Ramaphosa made the announcement from Tuynhys in Parliament, Cape Town, amid speculation that he would relieve Nene of his duties following his testimony to the State Capture Commission of Inquiry last week.
During his testimony Nene admitted to meeting members of the Gupta family at their private home in Saxonwold, Johannesburg, on a number of occasions between 2009 and 2014. He had not previously acknowledged the meetings and was quick to issue an apology for the "lapse in judgement".
On Tuesday afternoon the CEO of the South African Chamber of Commerce Alan Mukoki hailed the appointment of Mboweni as one of the finest ministerial appointees in recent memory.
"Without any doubt, this is an impressive appointment. We were nervous and anxious about Nene’s departure and what might have happened if he did not go. Mboweni is proven as a reserve bank governor and in labour, aligning labour with business, as someone who piloted the Labour Relations Act," said Mukoki.
Mukoki added that Mboweni would be an asset to National Treasury and government at large, due to his "balanced approach to policy, great intellect and a great understanding of international markets".
Business Unity South Africa said in a statement that while the circumstances and the timing of Nene’s resignation were regrettable, business "welcomes the appointment of Tito Mboweni as the new finance minister".
"Mboweni comes with a long track record in government and brings with him the necessary credibility among social partners, as well as the expertise to provide steady leadership in National Treasury," said BUSA.
Banking Association of South Africa's managing director Cas Coovadia said Mboweni would have to win and maintain the confidence of the financial markets as well as the business and investor communities, while facilitating inclusive economic growth, job creation and social development.
"As a former labour minister, he will understand that addressing the challenges of unemployment, poverty and inequality, are as important as maintaining fiscal discipline and the stability of the financial system," said Coovadia.
Founder and CEO of M&C Saatchi Abel Group Mike Abel took to social networking website Twitter to convey his congratulations to Mboweni on his new appointment.
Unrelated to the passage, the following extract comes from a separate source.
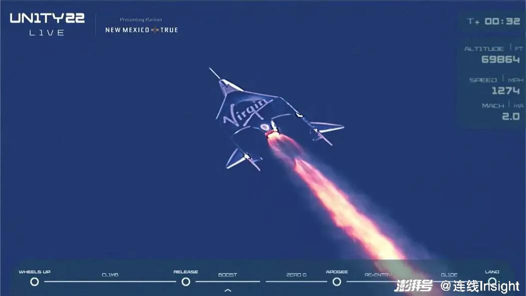 维珍银的太空飞机“团结”号点燃火箭,图源直播视频

"Welcome back, Mr Mboweni. Massive job, but so much potential to return our country to greatness. Engage big business - harness the massive talent of corporate and entrepreneurial SA and unleash some of best brains in the world to partner and help you fix our country," said Abel.
Black Business Council president Sandile Zungu said in a statement, "Mr. Mboweni is a veteran who served as Minister of Labour under President Nelson Mandela from May 1994 to July 1998 and as such, he is the right person to steer the country out of the financial challenges that we currently face".
Chris Eddy, senior investment analyst at 10X Investments, says the news was positive.
“Nhlanhla Nene has been replaced as Finance Minister by Tito Mboweni, who the markets have a lot of faith in,” said Eddy, who heads the investment team at the disruptive asset manager.
“Through his long tenure as Reserve Bank governor, Mboweni presided over a period of relatively consistent and stable monetary policy and I think the markets would be relatively confident with him at the helm of the South African Treasury.”
The Organisation Undoing Tax Abuse also welcomed Mboweni's appointment, and commended Nene for submitting his resignation over his failure to declare and disclose the Gupta visits that ultimately cost him the job.